A further contribution of this research includes the comparison of the technologies and methods used by detection agents, feature extraction agents, and classification agents. Although the results indicate that an actual implementation of a multiagent NILM system would not require 15 agents (five for detection, five for feature extraction, and five for classification), we opted for reporting all these results in Section 5 to document our results.

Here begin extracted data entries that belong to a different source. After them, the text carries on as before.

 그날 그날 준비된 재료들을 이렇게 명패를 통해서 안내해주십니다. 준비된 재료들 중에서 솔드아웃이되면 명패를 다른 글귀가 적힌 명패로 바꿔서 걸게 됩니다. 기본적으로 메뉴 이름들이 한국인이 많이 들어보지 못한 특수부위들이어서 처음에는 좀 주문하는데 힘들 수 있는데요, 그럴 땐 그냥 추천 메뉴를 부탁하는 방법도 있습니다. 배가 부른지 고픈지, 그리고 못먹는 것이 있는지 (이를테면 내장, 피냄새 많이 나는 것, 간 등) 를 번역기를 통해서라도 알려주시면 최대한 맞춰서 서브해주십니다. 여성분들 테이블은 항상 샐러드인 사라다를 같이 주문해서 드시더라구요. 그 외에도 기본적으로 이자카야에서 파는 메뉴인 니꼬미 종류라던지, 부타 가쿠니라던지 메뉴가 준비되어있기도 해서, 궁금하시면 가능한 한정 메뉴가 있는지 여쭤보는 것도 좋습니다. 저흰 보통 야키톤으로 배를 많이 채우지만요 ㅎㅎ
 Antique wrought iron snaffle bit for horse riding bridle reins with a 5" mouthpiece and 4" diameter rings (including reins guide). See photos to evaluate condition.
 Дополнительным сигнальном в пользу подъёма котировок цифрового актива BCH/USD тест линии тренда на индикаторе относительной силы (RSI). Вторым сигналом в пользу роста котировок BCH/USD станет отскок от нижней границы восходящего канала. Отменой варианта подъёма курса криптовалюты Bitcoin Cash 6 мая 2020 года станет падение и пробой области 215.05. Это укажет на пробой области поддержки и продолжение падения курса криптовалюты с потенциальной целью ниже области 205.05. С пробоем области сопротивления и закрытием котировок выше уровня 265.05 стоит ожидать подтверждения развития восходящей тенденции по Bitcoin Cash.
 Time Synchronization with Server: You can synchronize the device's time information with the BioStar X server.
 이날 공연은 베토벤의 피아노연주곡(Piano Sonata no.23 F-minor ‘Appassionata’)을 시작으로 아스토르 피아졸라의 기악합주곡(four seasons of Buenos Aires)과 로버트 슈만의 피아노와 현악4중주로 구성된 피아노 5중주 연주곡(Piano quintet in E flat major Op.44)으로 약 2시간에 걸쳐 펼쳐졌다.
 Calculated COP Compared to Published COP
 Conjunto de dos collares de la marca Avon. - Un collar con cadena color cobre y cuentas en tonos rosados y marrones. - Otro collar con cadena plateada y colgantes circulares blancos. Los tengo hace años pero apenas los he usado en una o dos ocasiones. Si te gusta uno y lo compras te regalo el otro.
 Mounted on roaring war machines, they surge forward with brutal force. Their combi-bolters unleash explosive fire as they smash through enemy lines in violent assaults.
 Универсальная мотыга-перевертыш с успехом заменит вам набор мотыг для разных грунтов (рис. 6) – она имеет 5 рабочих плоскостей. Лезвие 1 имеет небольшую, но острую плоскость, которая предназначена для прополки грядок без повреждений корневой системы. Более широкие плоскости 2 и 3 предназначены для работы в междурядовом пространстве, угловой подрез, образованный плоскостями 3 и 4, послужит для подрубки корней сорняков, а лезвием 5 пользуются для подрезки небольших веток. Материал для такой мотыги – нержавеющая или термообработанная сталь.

Concerning the interpretation of the improvements reported by a multiagent architecture, an important consideration is that an improvement in accuracy from 95.3% to 99.8% could be interpreted merely as a 4.5% improvement and, hence, not being substantial. Such an improvement was reported in Table 13 line LIT-SYN-8. However, this result indicates that the errors in classification were reduced from 4.7% to 0.2%. This represents a classification error rate reduction over twenty-fold, which is a significant result of the proposed architecture.

Additionally, as part of our future work, we intend to evaluate the proposed multiagent architecture in other realistic situations, including prolonged tests (days or weeks) in different residential and work environments, as well as premises that make use of distributed generation.